What has been the international reaction?

Reactions to the Houthi blockade have been mixed. The US, UK and Canada have taken a kinetic approach, sending warships to patrol the Red Sea and intercept Houthi missiles where possible. The US-led mission, known as Operation Prosperity Guardian, was until last week defensive in posture and has received support from Denmark, the Netherlands, Australia, Bahrain and – surprisingly – South Korea. The internationally-recognised Yemeni government has even grudgingly approved foreign strikes on its own soil, saying that the Houthi need to be stopped. 

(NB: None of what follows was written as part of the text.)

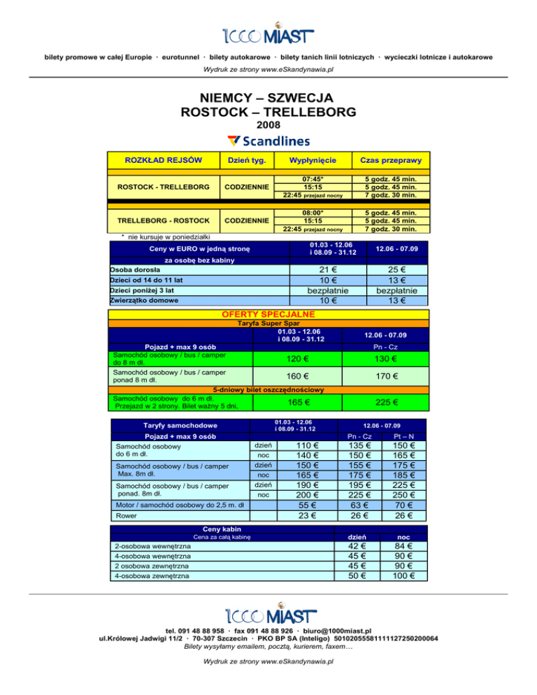 bilety promowe w całej Europie ∙ eurotunnel ∙ bilety autokarowe ∙ bilety tanich linii lotniczych ∙ wycieczki lotnicze i autokarowe Wydruk ze strony www.eSkandynawia.pl NIEMCY – SZWECJA ROSTOCK – TRELLEBORG 2008 ROZKŁAD REJSÓW Dzień tyg. Wypłynięcie Czas przeprawy ROSTOCK - TRELLEBORG CODZIENNIE 07:45* 15:15 5 godz. 45 min. 5 godz. 45 min. 7 godz. 30 min. 22:45 przejazd nocny TRELLEBORG - ROSTOCK CODZIENNIE 08:00* 15:15 5 godz. 45 min. 5 godz. 45 min. 7 godz. 30 min. 22:45 przejazd nocny * nie kursuje w poniedziałki 01.03 - 12.06 i 08.09 - 31.12 Ceny w EURO w jedną stronę 12.06 - 07.09 za osobę bez kabiny 21 € 10 € bezpłatnie 10 € Osoba dorosła Dzieci od 14 do 11 lat Dzieci poniżej 3 lat Zwierzątko domowe 25 € 13 € bezpłatnie 13 € OFERTY SPECJALNE Taryfa Super Spar 01.03 - 12.06 i 08.09 - 31.12 12.06 - 07.09 Pojazd + max 9 osób Samochód osobowy / bus / camper 120 € do 8 m dł. Samochód osobowy / bus / camper 160 € ponad 8 m dł. 5-dniowy bilet oszczędnościowy Samochód osobowy do 6 m dł. 165 € Przejazd w 2 strony. Bilet ważny 5 dni, 01.03 - 12.06 i 08.09 - 31.12 Taryfy samochodowe Pojazd + max 9 osób Samochód osobowy do 6 m dł. Samochód osobowy / bus / camper Max. 8m dł. Samochód osobowy / bus / camper ponad. 8m dł. Motor / samochód osobowy do 2,5 m. dł Rower dzień noc dzień noc dzień noc 110 € 140 € 150 € 165 € 190 € 200 € 55 € 23 € Pn - Cz 130 € 170 € 225 € 12.06 - 07.09 Pn - Cz Pt – N 135 € 150 € 155 € 175 € 195 € 225 € 63 € 26 € 150 € 165 € 175 € 185 € 225 € 250 € 70 € 26 € Ceny kabin Cena za całą kabinę 2-osobowa wewnętrzna 4-osobowa wewnętrzna 2 osobowa zewnętrzna 4-osobowa zewnętrzna dzień noc 42 € 45 € 45 € 50 € 84 € 90 € 90 € 100 € tel. 091 48 88 958 ∙ fax 091 48 88 926 ∙ [email protected] ul.Królowej Jadwigi 11/2 ∙ 70-307 Szczecin ∙ PKO BP SA (Inteligo) 50102055581111127250200064 Bilety wysyłamy emailem, pocztą, kurierem, faxem… Wydruk ze strony www.eSkandynawia.pl

Press briefings have claimed that the operation is simply to ensure the safety of international maritime trade; however, it is clear that it is inextricably linked to Israel’s war, leading some to point out an inconvenient truth: the US is now conducting military operations in the Red Sea in response to attacks that are a result of a conflict it is doing much to prolong, by continuing to veto UN demands for a ceasefire in Gaza. In short, the US is now fighting a fire it helped to start, and expecting credit. 

Nor are the optics of the operation good, particularly in the global south. The US and UK have never escaped the shadow of Iraq and Afghanistan, and now yet again find themselves embroiled in another regional conflict. Bombing the world’s poorest country is never a good look; doing so in indirect support of Israel’s punishing assault on Gaza hardly helps things. While the UN Security Council has belatedly released a demand that the Houthi stop their attacks, last week’s attacks were conducted without UNSC authorisation, bringing back bitter memories of Iraq, or of America’s decades-long air war in the Islamic world. 

It is worth noting which countries have remained neutral. Japan has stayed quiet, despite a number of its vessels coming under attack – perhaps because it gets most of its oil from Iran – and France has remained above the fray. Russia, as an ally of Iran, has been afforded special protection; while China, an increasingly significant player in the Middle East, has led a remarkable effort at the UN to insist on the necessity of a negotiated peace and adherence to international law, and decry the quick resort to military action by the western powers. If anyone can be said to be ‘winning’ the Red Sea crisis, it is Beijing, which has leveraged existing goodwill among the nations of the Global South to build up a large neutral bloc at the UN and position itself as the adult in the room: a surprising result, to be sure. 

The Red Sea crisis is far from over. In many ways, it is a symptom of an increasingly anarchic world: one where non-state actors have cruise missiles, where civil wars in small countries can kneecap international trade; and where the world’s old powers are finding that their reach isn’t quite what it used to be. We can expect to see more events like it.